Posts Tagged cognitive rehabilitation therapy
[BLOG POST] What’s the Difference Between Cognitive Rehabilitation Therapy and Cognitive Behavioral Therapy?
Neuro trauma can completely disrupt the way a person feels, thinks and behaves. Whether it’s from a mild concussion, severe traumatic brain injury, stroke or aneurysm – neuro trauma causes a wide variety of deficits including long and short term memory loss, impulsivity, mood swings and many other social, cognitive and behavioral issues. Two of the most commonly recommended treatments also happen to be the most commonly mistaken for each other: Cognitive Behavioral Therapy (CBT) and Cognitive Rehabilitation Therapy (CRT). So, what’s the difference?
Cognitive Behavioral Therapy
Cognitive Behavioral Therapy is effective for treating a variety of conditions such as mood, anxiety, personality, eating, addiction, dependence and psychotic disorders. Cognitive Behavioral Therapy replaces distorted or negative thoughts with more realistic ones to decrease emotional distress and self-defeating behavior. Simply put: if you change the way you think, you can change the way you feel and behave.
Drug addiction is commonly treated with Cognitive Behavioral Therapy. The therapist helps enable the patient to see how their thoughts, feelings and behavior patterns interact to trigger their urge to use drugs. From here, the therapist can determine the source of the patient’s problematic relationship with drugs. For example, feelings of depression may lead to self-destructive thoughts which, in turn, may result in the patient using drugs. The therapist targets negative feelings that start the cycle of abuse by helping the patient develop a positive self-worth. By altering thoughts like negative self-talk and self-isolation that can lead to drug-seeking behavior, Cognitive Behavioral Therapy helps end the negative feedback loop of addiction in a patient’s life. Even when therapy is complete, patients are advised to continue practicing CBT so they can maintain a positive outcome.

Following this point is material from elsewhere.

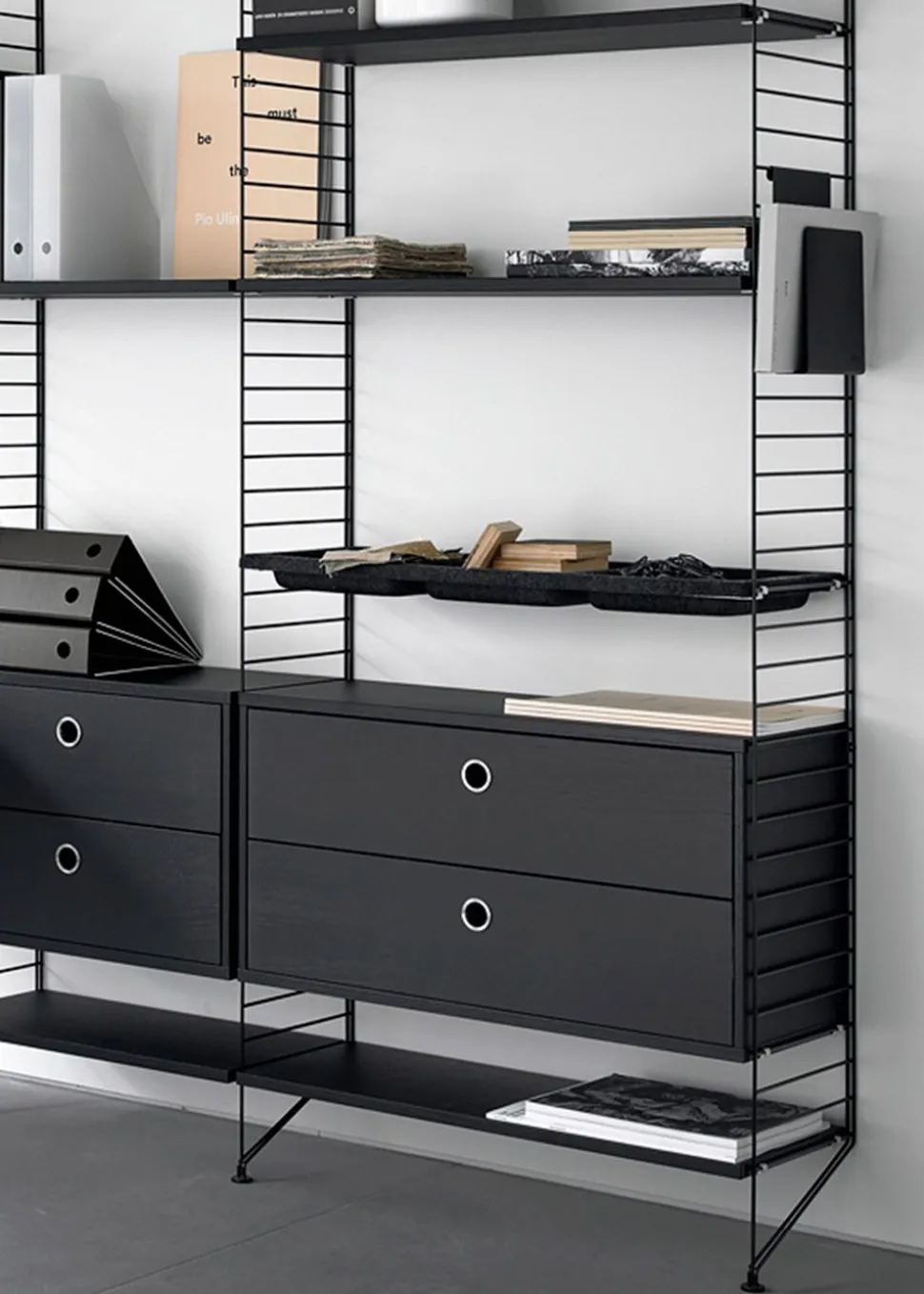 Das Filzschalenregal ist Teil des String-Regalsystems, bei dem Funktionalität und individuelle Gestaltung im Vordergrund stehen. Das Regalsystem bietet unendliche Möglichkeiten für die Aufbewahrung und Kreativität. Mit einer großen Auswahl an Varianten, Farben und Materialien ist das String-Regalsystem der perfekte Weg, um Ihr eigenes Design zu gestalten. Die Serie besteht aus Boden-, Wand- und Flex-Paneelen, die eine Basis für Regale und Ablagen bilden. Es können Regale, Schränke, Bordüren, Zeitschriftenhalter und verschiedene Gadgets hinzugefügt werden. Das flexible System eignet sich perfekt für das moderne Zuhause, in dem einige wenige Elemente die Grundlage für die Inneneinrichtung des gesamten Hauses bilden können und sich leicht an den jeweiligen Raum anpassen lassen, egal für welchen Zweck.

Cognitive Rehabilitation Therapy
Cognitive Rehabilitation Therapy is the process of mentally redeveloping the cognitive skills and function lost due to brain injury. These skills include intellectual performance, problem solving, attention deficits, memory and language difficulties. The key measure of CRT is the patient’s level of cognitive function. If the patient cannot relearn the lost skills, then the therapists teaches compensatory strategies. These strategies can literally be anything that helps the patient redevelop and maintain their independence. For example, a patient with short term memory problems could learn to set an alarm on his phone to remind him to take his medication.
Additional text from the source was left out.